SEE ALSO: Dodge Buyer's Guide

by Brendan Hagin and Mikele Schappell-Hagin


     Manufacturer's Suggested Retail Price              $ 17,800
     Price As Tested                                    $ 21,310
     Engine Type              DOHC 24-valve 2.7 Liter V6 w/SMFI*
     Engine Size                                 165 cid/2700 cc
     Horsepower                                   200 @ 5900 RPM
     Torque (lb-ft)                               192 @ 4300 RPM
     Wheelbase/Width/Length                  108.0"/70.6"/191.2"
     Transmission                           Four-speed automatic
     Curb Weight                                     3327 pounds
     Fuel Capacity                                  16.3 gallons
     Tires  (F/R)                           205/65R15 all-season
     Brakes (F/R)                          Disc (ABS)/disc (ABS)
     Drive Train                  Front-engine/front-wheel-drive
     Vehicle Type                       Five-passenger/four-door
     Domestic Content                                 85 percent
     Coefficient of Drag (Cd.)                               N/A


     EPA Economy, miles per gallon
        city/highway/average                            20/28/24         

     0-60 MPH                                       10.5 seconds
     1/4 (E.T.)                          17.2 seconds @ 82.0 mph
     Top-speed                                           115 mph
                 * Sequential multi-port fuel injection

BRENDAN - Ever since I could remember, I've been a fan of American Muscle Cars, especially ones of the Mopar variety. A 1970 Hemi 'Cuda is the Dream Machine for me. It was, and still is, way out of my price range, but I vowed that one day I would own a Dodge or Plymouth classic. So sitting in my garage is a 1966 Dodge Dart sedan, and while it features a slower-than-slow Slant Six powerplant, it fills my need for vintage American iron. This week we tested a 2001 Dodge Stratus SE, a mid-level family car that hearkens back to my old '66 Slant Six in terms of being a family car, but also gives us a brief flash of that old Motor City power. It's not a match for the Stratus R/T Coupe that Dad and Matt wrote about a few weeks ago, but it's less expensive and more "family."
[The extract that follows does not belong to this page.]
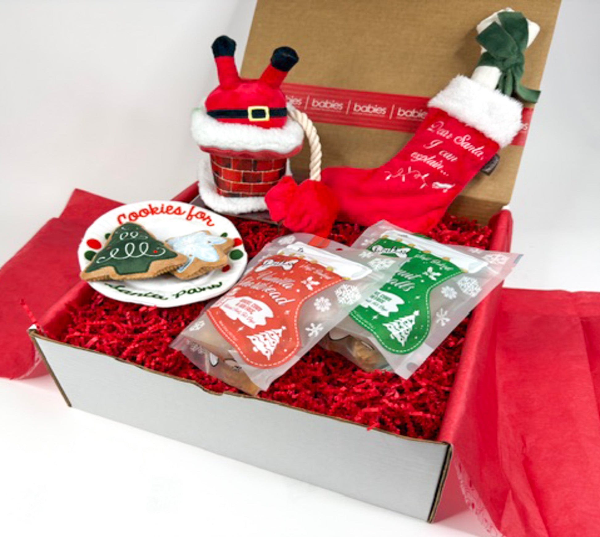 Ho ho ho—your pup's holiday dreams come true! This jolly gift box delivers three interactive toys designed to keep tails wagging all season long: a Santa in chimney toy, cookies for Santa Paws, and a holiday stocking packed with a bone toy. Two bags of delicious USA-made dog treats round out the festive fun. Everything arrives beautifully wrapped in our signature packaging with a personalized handwritten note. The perfect gift for the good boy or girl on your list!

Mikele - I felt comfortable in the Stratus, especially when I was grinding through commuter traffic going to work. My back wasn't it's normal achy self and I guess I can give some thanks to the seat design. It has great front-seat lateral support and eight-way power adjustments. Our Stratus had room for five, which was a bonus when it was my turn to drive my co-workers to lunch. I love the ergonomic instrument panel, which gave me a clear view of the gauges, but the cup holders are hard to reach. Fortunately I don't drink coffee, so my commute isn't dependent on caffeine maintenance. But I really liked the sunroof because it gave me a chance to get some fresh air and sunshine when I finally broke out of the traffic crush. I didn't get a chance to appreciate the a/c system but when I checked it out, the controls seemed slightly out of the way. The SE model comes standard with a AM/FM stereo radio with cassette, but our car had a four-disc in-dash CD changer, which came in handy on long rides surrounded by typical horn-happy commuters. I could slip in some old favorites and zone out.
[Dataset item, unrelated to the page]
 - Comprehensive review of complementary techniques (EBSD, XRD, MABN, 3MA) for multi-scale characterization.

Brendan - Dodge is in the pro sports car and now the NASCAR racing scene, and I saw some racing influences in the new Stratus sedan, with its rounded roof line and sleek profile. Viper-inspired headlamps and technically-advanced four-wheel double wishbone suspension give the Stratus a sporty front end and exceptional handling. I wouldn't say the Stratus is ready to compete along side the new NASCAR Winston Cup version of the Dodge Intrepid, but it did a good job for me in the battle for traffic light pole-position on a couple of occasions. The optional 2.7-liter DOHC 24-valve V6 generates 200 horsepower and 192 pound-feet of torque, and while it's not a stump-puller, it does a pretty fair job. The standard Stratus model comes with an economical four-cylinder engine. There's no stick-shift available for the SE Stratus but the four-speed automatic worked fine and it's what's this kind of car was designed around - family transportation.
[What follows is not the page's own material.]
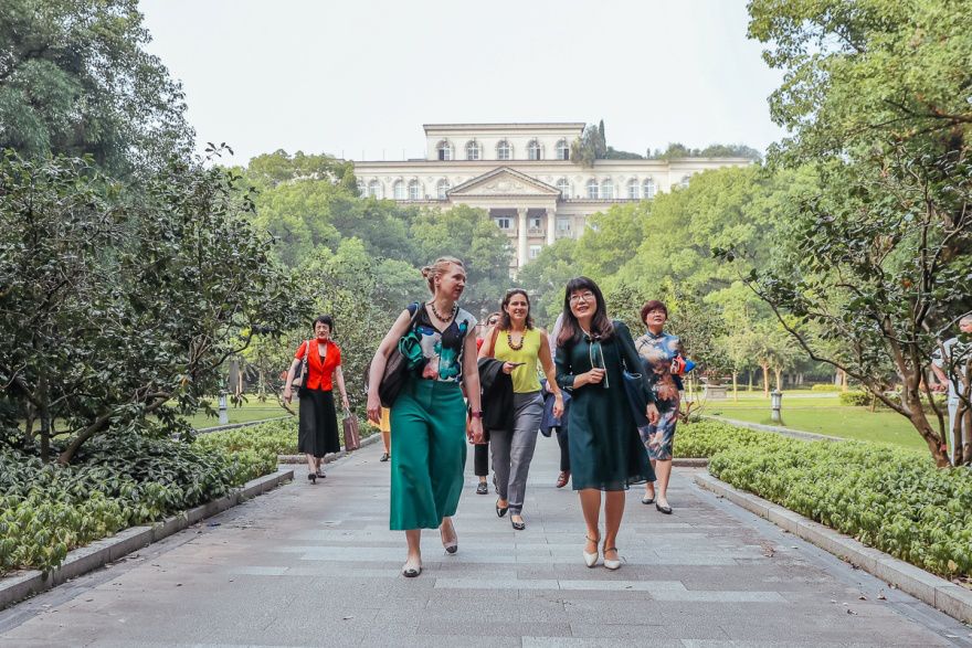 首先,赵玉芳经理带领客人们来到共青团花园,感受百年“花园学府”英国365集团引人入胜的如画风光。

Mikele - Right, and safety is a big priority in a family car. The LATCH system of the child seat top tether and lower anchors helps owners correctly install aftermarket child seats, which is sometimes a hassle. The car has "Next Generation" multistage driver and front passenger air bags with levels of deployment that differ depending on vehicle impact speed and seat belt usage. A new standard 4-wheel disc brake system with optional ABS is a big plus and I think things like this should be required on all new cars and trucks.

Brendan - Although you're usually the one who talks about all the safety features, Mikele, I have to mention one of the Status' best items. An inside emergency trunk lid release just might save the day down the road for those who get in a little too deep while changing a taillight bulb.

Mikele - I've always thought the inside trunk-latch release was a somewhat pointless feature. But when I though long and hard, I realized it could be the best feature ever.

Brendan - Fortunately, I didn't test to see if I was too big to fit in the trunk. Only a moron would do that.

Mikele - I won't make a comment on that, Bren.